According to prevailing opinion in Greece, the name comes from the village of Epirus Kósdiani, the origin of settlers of Kozani in 1392. The settlement was first named Kózdiani, which then, it was changed into Kóziani, and in the end into Kozáni.

History

Antiquity
Antiquities from the prehistoric to the Byzantine period have been unearthed in many sectors of the city. In the east part of Kozani, an ancient necropolis has been found, dating to the early Iron Age. During Philip II of Macedon's reign, the region was named Elimeia, which was part of Upper Macedonia and probably in the same place there was a town named Tyrissa. In the south-west of the modern city, on Siopoto hill, there was a settlement named Kalyvia, between 1100 and 1300, traces of which are still preserved.

Ottoman period
Kozani was probably founded by Christian settlers who, after the Ottoman conquest, withdrew from the plains of Macedonia into the mountains, during the 14th and 15th centuries. Its secure position soon attracted other Christians expelled from Epirus, in 1392. Together with the settlers from Epirus, many cattle-breeders moved in the region.

The first recorded mention of Kozani is in an Ottoman register of 1528, as a settlement with 91 houses, 23 singles and 15 widows. One of the most important colonizers of Kozani was the chief shepherd Ioannis Trantas, who settled about 100 families. His son, Charisios Trantas, managed to obtain a Sultan's firman in 1664, according to the terms of which the town came under the protection of the Sultan's mother, was endowed with many privileges, and became forbidden for the Turks to settle in.

In 1664, the magnificent church of Agios Nikolaos was built. In 1668, the library and the famous school of Kozani were founded. During the 17th and 18th century, commercial relations with the countries of central Europe gave the opportunity for the city to flourish economically. During the 19th century, as foreign travellers relate, the population of the town was Greek, and was growing (Leake 1835:305 and Bouè 1854:87).

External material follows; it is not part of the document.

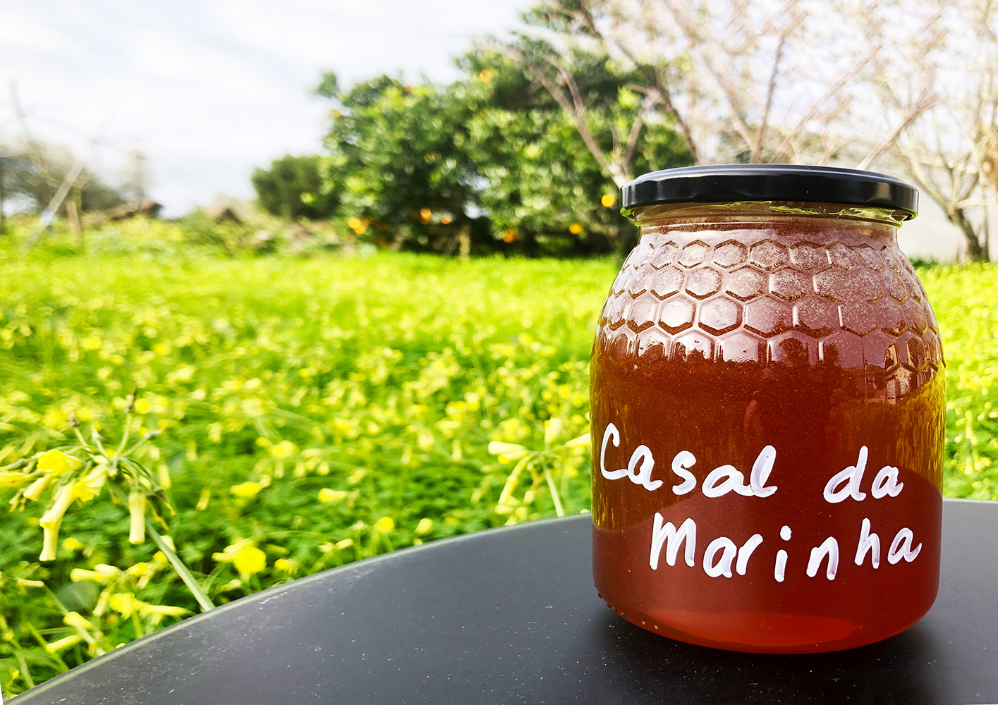 Ze had ook honing, die ze van haar eigen bijen had. Dat is helemaal mooi, dus we wilden ook wel een pot mee. Natuurlijk vraag je dan waar haar bijenkorven staan. Blijkt dat naast Conceição te zijn, dus aan het eind van ons weggetje, hemelsbreed nog geen 400 meter hiervandaan. De bijen hebben zeker een bezoek gebracht aan de bloemen op ons terrein. We kunnen met recht zeggen dat de honing zéér lokaal is.

The town's growth was disrupted in 1770, because of conflict that erupted between Kozani's local inhabitants and Kozanite merchants in central Europe, who contributed to the town's prosperity; even more catastrophically, the city was pillaged by Turkish beys in 1770. A subsequent incursion by Aslan bey, in 1830, ravaged the city immensely. In 1855 next to St. Nicholas Church a 26 meters high bell tower was built, which would become the symbol of the city. In 1939, a clock was added to the top of the tower, donated by Greek-American, Konstantinos Mamatsios. According to the 1904 population census, 12,000 Greeks and 350 Aromanians (Vlachs) were living in Kozani at the time.

In the late 19th and early 20th century, Kozani was part of the Manastir Vilayet of the Ottoman Empire.

Balkan wars

The Greek army entered Kozani on 11 October 1912, during the First Balkan War, after its victory against the Ottoman army in the Battle of Sarantaporo. By this time, the population of the town was 12,000 Orthodox Greeks. In 1923, during the population exchange between Greece and Turkey, about 1,400 Greek families from Pontus and Asia Minor were settled in Kozani.

Modern times

In the 20th century, the city grew tremendously, as lignite reserves in the area started being used by Public Power Corporation, making Kozani the foremost producer of electrical power in Greece. An earthquake that occurred in the region on 13 May 1995, with a magnitude of 6.6 on the Richter scale, caused only property damage.

The city now combines modern with old architecture. Some magnificent buildings are the clock tower, the town hall, the folklore museum, the "Valtadoreio" Gymnasium, the National Bank of Greece building, the "Ermioneion" Hotel and the mansions of Georgios Lassanis and Grigorios Vourkas. The Municipal Library of Kozani called "Kovendareios" is the second biggest in Greece, and it has 150,000 books, rare publications, valuable documents, and one of the rare copies of Rigas Feraios' charter. For this reason Kozani was included in the National Cultural Network of Cities with object the promotion of the Book and Reading. The Institute of Book and Reading was established and Kozani is now known as City of Books. Today Kozani is the administrative, commercial, economic, and transport centre of the region of West Macedonia.

Economy

The city is mostly known for its important contribution to the Greek electricity supply, and a large part of the population works in the Public Power Corporation's lignite-fired Agios Dimitrios Power Plant, the largest power plant in Greece. The Ptolemaida Basin hosts the Western Macedonia Lignite Center, which is accountable for the production of 40% of the electric energy of the country.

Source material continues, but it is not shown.